◆ **EXERCISE DETAILS**
Retype exactly the lines that run from the start of the data to the line holding "2、工程师薪酬: 如果你是北美的软件工程师并考虑转向加密货币,你应该知道:高级加密工程师的收入高于 Web2", including both, and only those.

--- INPUT RECORDS Enclosed Below ---

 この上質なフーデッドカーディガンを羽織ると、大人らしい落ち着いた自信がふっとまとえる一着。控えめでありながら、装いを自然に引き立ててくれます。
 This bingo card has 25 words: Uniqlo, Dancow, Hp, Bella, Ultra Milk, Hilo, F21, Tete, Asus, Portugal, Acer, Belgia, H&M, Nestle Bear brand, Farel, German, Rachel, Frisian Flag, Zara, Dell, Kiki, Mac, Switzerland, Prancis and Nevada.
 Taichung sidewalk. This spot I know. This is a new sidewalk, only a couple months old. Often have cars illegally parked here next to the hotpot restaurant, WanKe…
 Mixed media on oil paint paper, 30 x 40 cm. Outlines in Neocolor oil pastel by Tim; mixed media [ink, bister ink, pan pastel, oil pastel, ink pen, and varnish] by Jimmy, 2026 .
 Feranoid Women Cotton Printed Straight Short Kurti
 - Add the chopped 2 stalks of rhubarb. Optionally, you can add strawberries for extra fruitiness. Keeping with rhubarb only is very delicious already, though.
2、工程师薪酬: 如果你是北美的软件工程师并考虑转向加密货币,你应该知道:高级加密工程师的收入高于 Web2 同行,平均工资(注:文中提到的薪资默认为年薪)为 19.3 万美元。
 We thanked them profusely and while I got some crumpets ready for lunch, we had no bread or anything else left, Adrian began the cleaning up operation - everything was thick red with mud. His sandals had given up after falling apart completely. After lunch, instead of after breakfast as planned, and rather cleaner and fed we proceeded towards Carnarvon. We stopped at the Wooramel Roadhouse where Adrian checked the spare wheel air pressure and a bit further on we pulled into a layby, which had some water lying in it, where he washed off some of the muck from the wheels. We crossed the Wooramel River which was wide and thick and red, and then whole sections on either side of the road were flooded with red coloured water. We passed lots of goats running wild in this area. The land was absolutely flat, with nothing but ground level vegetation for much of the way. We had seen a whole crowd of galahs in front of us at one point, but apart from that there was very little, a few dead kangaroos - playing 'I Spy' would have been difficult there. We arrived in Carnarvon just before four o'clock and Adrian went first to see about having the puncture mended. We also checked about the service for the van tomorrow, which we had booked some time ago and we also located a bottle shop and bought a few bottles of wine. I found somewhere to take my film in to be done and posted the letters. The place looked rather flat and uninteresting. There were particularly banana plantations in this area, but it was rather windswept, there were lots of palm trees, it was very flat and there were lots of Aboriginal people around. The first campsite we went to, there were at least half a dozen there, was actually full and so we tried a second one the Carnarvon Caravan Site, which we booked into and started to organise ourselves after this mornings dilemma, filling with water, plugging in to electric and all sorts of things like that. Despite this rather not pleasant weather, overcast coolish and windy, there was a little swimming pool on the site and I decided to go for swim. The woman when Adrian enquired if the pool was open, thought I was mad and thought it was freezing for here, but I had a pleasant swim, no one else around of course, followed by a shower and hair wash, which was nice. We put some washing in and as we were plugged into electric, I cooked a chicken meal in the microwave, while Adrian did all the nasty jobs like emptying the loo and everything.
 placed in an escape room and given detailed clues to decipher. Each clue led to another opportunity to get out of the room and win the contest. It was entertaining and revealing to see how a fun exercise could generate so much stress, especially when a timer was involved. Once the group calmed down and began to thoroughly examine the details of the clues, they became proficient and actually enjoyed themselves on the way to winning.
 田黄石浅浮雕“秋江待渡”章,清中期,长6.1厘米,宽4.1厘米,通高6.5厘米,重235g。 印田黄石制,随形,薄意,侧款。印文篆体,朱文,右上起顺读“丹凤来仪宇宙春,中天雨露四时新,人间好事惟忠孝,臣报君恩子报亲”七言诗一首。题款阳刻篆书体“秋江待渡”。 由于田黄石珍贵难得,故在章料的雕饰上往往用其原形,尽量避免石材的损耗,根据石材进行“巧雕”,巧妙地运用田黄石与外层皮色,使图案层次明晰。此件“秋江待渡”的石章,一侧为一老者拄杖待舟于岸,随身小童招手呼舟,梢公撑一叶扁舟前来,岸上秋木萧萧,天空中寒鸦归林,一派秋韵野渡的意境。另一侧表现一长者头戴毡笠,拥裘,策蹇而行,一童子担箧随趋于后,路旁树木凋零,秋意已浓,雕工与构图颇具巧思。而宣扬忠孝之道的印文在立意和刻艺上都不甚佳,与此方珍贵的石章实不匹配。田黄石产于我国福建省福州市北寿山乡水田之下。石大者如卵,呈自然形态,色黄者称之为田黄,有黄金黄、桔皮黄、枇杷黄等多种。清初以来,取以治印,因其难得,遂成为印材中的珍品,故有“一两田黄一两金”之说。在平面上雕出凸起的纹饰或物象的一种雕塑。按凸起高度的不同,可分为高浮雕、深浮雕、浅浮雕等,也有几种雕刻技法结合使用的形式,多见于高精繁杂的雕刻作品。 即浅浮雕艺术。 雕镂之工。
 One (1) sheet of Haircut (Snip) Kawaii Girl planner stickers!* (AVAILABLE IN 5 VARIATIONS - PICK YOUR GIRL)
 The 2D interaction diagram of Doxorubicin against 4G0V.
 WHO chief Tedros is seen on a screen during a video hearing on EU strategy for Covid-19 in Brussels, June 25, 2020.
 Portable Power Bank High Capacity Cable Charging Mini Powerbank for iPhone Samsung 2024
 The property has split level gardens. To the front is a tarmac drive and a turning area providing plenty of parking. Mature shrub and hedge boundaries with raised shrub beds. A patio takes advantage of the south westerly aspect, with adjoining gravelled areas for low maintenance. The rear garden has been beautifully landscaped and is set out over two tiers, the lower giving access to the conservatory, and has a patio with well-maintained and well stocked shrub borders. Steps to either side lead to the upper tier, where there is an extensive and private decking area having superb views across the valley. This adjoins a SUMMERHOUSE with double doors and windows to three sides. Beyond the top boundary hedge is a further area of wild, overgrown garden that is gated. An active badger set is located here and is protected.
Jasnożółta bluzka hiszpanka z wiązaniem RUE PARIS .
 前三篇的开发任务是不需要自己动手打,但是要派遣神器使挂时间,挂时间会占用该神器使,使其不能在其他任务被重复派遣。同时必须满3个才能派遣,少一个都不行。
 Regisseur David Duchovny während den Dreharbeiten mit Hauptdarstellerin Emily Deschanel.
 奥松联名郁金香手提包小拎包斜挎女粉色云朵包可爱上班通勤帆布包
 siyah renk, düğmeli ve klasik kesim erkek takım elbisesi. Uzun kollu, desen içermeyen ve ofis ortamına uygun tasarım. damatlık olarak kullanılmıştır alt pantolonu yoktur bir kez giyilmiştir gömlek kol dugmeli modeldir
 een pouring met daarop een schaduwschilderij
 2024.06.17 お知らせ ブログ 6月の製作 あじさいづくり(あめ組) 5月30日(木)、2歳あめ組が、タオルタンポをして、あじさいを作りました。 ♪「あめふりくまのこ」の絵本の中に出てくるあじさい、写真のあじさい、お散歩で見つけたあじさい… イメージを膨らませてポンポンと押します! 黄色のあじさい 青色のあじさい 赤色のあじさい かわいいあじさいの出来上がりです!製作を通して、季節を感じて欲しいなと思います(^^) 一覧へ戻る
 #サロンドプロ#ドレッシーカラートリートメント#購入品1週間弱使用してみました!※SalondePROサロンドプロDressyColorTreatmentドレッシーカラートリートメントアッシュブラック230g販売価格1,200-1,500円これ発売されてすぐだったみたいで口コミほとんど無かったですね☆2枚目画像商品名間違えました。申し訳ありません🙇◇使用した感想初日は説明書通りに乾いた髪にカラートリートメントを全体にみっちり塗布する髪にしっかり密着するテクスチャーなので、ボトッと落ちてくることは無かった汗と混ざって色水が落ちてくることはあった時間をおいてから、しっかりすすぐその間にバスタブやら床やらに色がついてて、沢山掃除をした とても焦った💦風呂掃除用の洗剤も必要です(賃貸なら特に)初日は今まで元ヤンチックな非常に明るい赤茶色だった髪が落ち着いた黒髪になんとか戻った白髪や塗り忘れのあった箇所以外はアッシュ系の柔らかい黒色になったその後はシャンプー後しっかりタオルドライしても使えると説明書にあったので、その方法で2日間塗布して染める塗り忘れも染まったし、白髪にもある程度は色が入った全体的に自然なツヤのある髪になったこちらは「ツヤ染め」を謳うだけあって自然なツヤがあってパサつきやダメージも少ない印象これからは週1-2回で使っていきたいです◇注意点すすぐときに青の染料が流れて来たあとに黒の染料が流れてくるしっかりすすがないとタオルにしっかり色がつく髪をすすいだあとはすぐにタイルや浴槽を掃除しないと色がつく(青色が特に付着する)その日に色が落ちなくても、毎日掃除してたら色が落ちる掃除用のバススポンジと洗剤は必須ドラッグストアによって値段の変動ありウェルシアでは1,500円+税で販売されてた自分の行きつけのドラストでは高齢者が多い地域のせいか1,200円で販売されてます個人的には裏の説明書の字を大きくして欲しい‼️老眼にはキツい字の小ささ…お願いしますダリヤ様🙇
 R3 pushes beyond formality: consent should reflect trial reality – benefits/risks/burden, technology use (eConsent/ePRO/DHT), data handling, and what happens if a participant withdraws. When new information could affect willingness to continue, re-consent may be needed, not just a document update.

--- End of Enclosed INPUT RECORDS ---

◆ **REPLY**
 この上質なフーデッドカーディガンを羽織ると、大人らしい落ち着いた自信がふっとまとえる一着。控えめでありながら、装いを自然に引き立ててくれます。
 This bingo card has 25 words: Uniqlo, Dancow, Hp, Bella, Ultra Milk, Hilo, F21, Tete, Asus, Portugal, Acer, Belgia, H&M, Nestle Bear brand, Farel, German, Rachel, Frisian Flag, Zara, Dell, Kiki, Mac, Switzerland, Prancis and Nevada.
 Taichung sidewalk. This spot I know. This is a new sidewalk, only a couple months old. Often have cars illegally parked here next to the hotpot restaurant, WanKe…
 Mixed media on oil paint paper, 30 x 40 cm. Outlines in Neocolor oil pastel by Tim; mixed media [ink, bister ink, pan pastel, oil pastel, ink pen, and varnish] by Jimmy, 2026 .
 Feranoid Women Cotton Printed Straight Short Kurti
 - Add the chopped 2 stalks of rhubarb. Optionally, you can add strawberries for extra fruitiness. Keeping with rhubarb only is very delicious already, though.
2、工程师薪酬: 如果你是北美的软件工程师并考虑转向加密货币,你应该知道:高级加密工程师的收入高于 Web2 同行,平均工资(注:文中提到的薪资默认为年薪)为 19.3 万美元。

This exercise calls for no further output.